Notably absent is the mysterious winner of a $28 million auction for a seat, who had "scheduling conflicts" and will take part in a future flight, and has asked to remain anonymous, the company said.
After lift-off, New Shepard will accelerate towards space at speeds exceeding Mach 3 using a liquid hydrogen/liquid oxygen engine with no carbon emissions.
The capsule soon separates from its booster, and the astronauts unbuckle and begin to experience weightlessness.
The crew will spend a few minutes beyond the Karman line – the internationally recognized boundary between Earth's atmosphere and space, at 62 miles altitude (100 kilometers), as the spacecraft peaks at 65 miles high (106 kilometers).

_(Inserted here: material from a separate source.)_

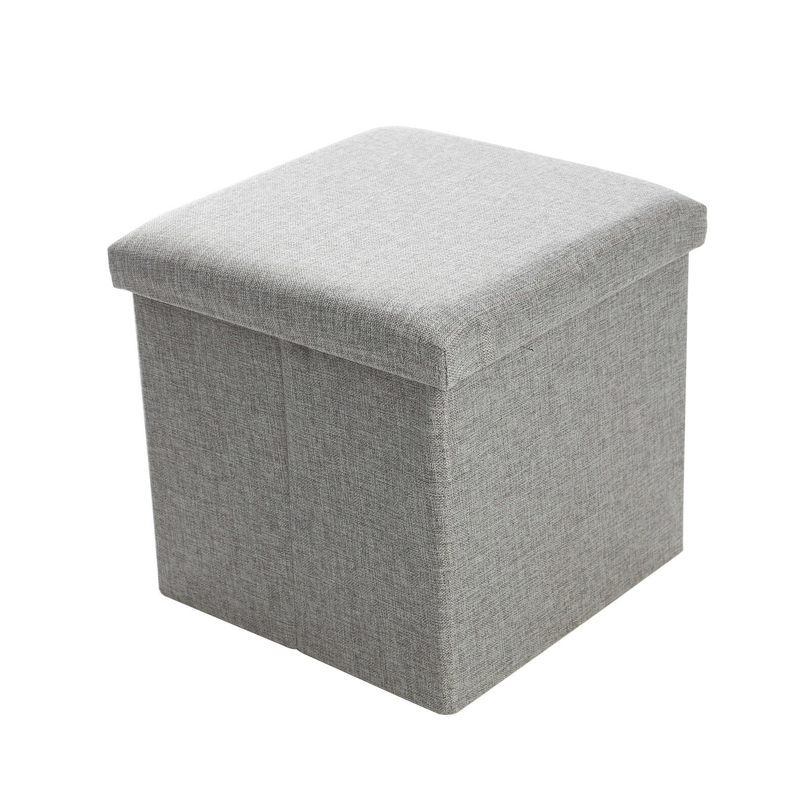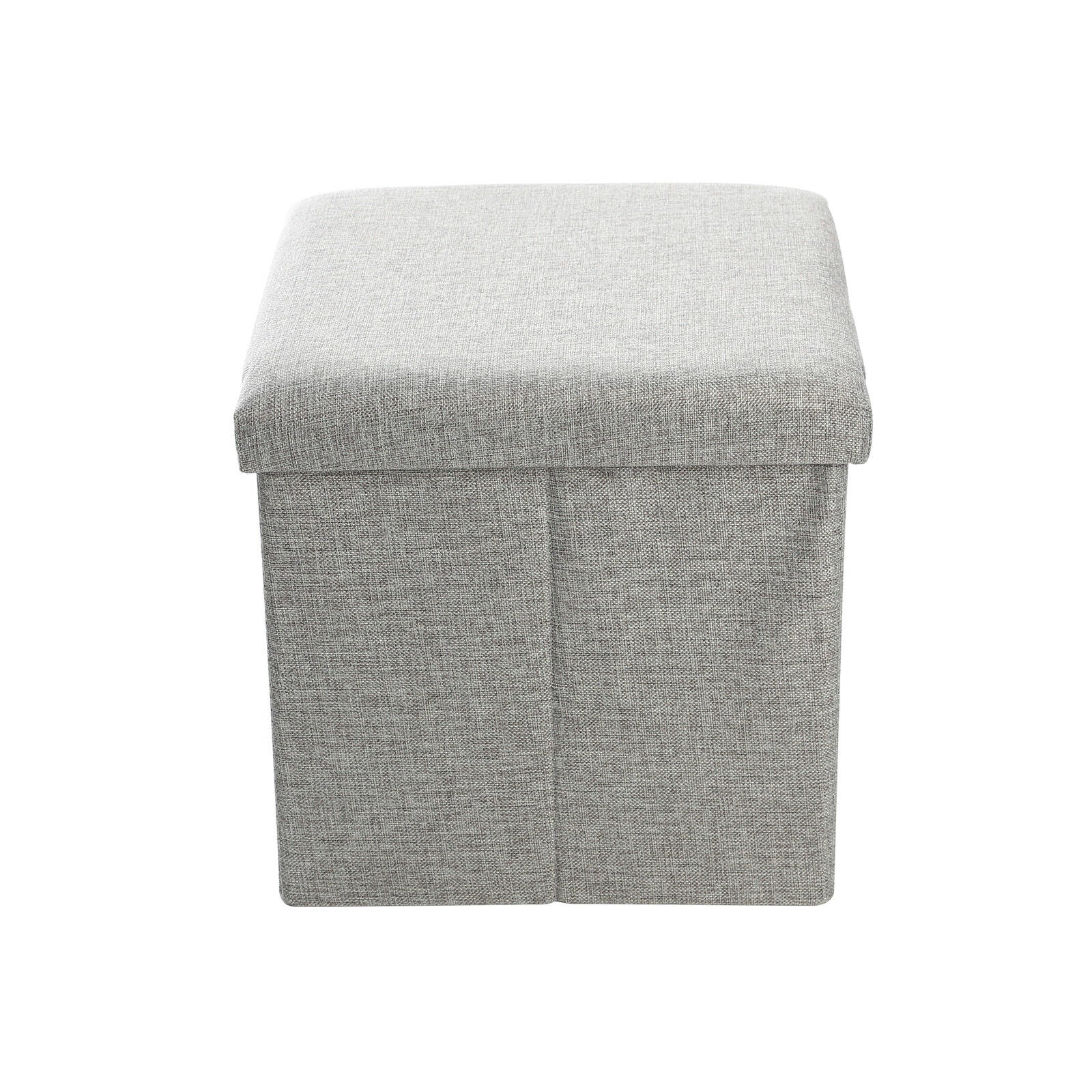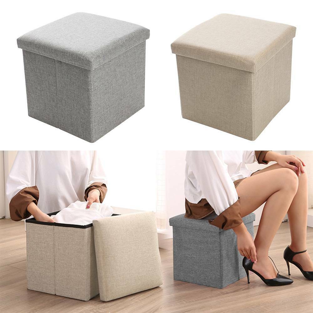 LARGE LINEN FOLDING STORAGE OTTOMAN POUFFE SEAT FOOT STOOL STORAGE BOX GREY

They will be able to admire the curvature of the planet – and the inky black of the rest of the universe – from large windows that comprise a third of the cabin's surface area.
The booster returns autonomously to a landing pad just north of its launch site, while the capsule freefalls back to Earth before deploying three giant parachutes, and finally a thruster, to land gently in the west Texas desert.
The impact of suborbital launches such as those by Virgin and Blue Origin pale in comparison to the impact of rockets that achieve orbit.
When SpaceX puts four private citizens into space in September, it will use its Falcon 9 rocket, which calculations show puts out the equivalent of 395 transatlantic flights-worth of carbon emissions.
"We are living in the era of climate change and starting an activity that increases emissions as part of a tourism activity is not good timing," Annette Toivonen, author of the book "Sustainable Space Tourism," told AFP.
The world is far more aware of the climate crisis now than when these companies were founded in the early 2000s and that could encourage businesses to look at ways to minimize pollution through cleaner technologies to get ahead of the problem.
"Who would want to be a space tourist if you cannot tell people you were a space tourist?" argued Toivonen, who lectures at Finland's Haaga-Helia University of Applied Sciences.